Muslim refugees crossing the new border into Pakistan

Pakistan, or the Islamic Republic of Pakistan as it is officially known, is a relatively young country, emerging on 14 August 1947. Formerly a part of the British Indian Empire, Pakistan gained its independence according to the ideas put forth in the Lahore Resolution authored in March 1940 during a meeting of the All India Muslim League. The League was formed in 1906 out of concern for the minority Muslims’ rights and protection in a majority Hindu country, and what might happen to the minority if India were to gain its independence. For the Muslims in India, national autonomy would merely mean transferring the control of their fate form one external group to another, perhaps with significant consequences. It seemed the only way to ensure a future for Muslims in India was to carve out a territory all their own where at last, they could be the masters of their own destiny.

The Lahore Resolution demanded that separate geographic regions be demarcated, separating the Muslims and Hindus of India so that the two could exist without interference, each free to live according to their own culture, philosophies, and literature. Muhammad Ali Jinnah, known as the founder of Pakistan, said the two groups “belong to two different civilizations that are based mainly on conflicting ideas and conceptions” and therefore, India must become two: a home for the Hindus in India and a home for the Muslims in what would become Pakistan. The Lahore Resolution was passed on 24 March1940 by the All India Muslim League and set the principles toward which they would work, while half a world away, Europe tore itself apart in a war that would ultimately mean freedom for the colonies and the push Pakistan needed to claim its independence.

Following the conclusion of the Second World War and the downfall of the ideologies that had spurred so much war and destruction, colonialism was brought to a close and Britain succumbed to international pressure to grant independence to their colonies. On 14 August 1947 the new independent nation of Pakistan was born, followed closely by India’s independence on 15 August 1947. The new boundaries were outlined in the India Independence Act and were drawn according to religious demographics. Not unusual with partitions of this nature, over 12 million people were displaced and forced to migrate to the proper side of the newly drawn lines resulting in the deaths of hundreds of thousands of people and mounting hostilities between the new neighbors.
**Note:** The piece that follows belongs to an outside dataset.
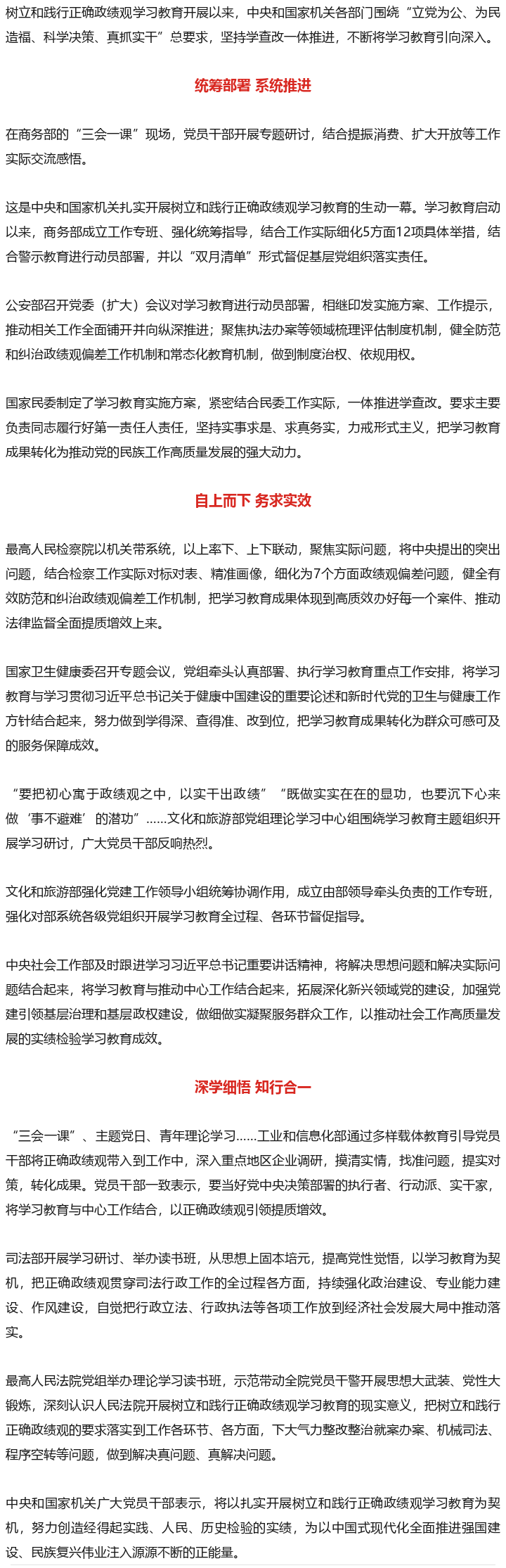 深学细悟强党性 知行合一建新功——中央和国家机关扎实开展树立和践行正确政绩观学习教育

Interestingly, rather than combining the Muslim majorities in the east and west, Pakistan was initially drawn into two parts divided by India in the middle. Unsurprisingly, this arrangement was unsuccessful and, following a civil war in 1971, Eastern Pakistan broke off and became Bangladesh. The region of Kashmir in the northern portion of the territory was not settled in the India Independence Act and still remains a point of contention between India and Pakistan today.

Pakistan’s birth was a mix of resolution, circumstance, hardship, and accomplishment and it would set the stage for what would be a tumultuous and rewarding history as Pakistan established itself as a Muslim nation.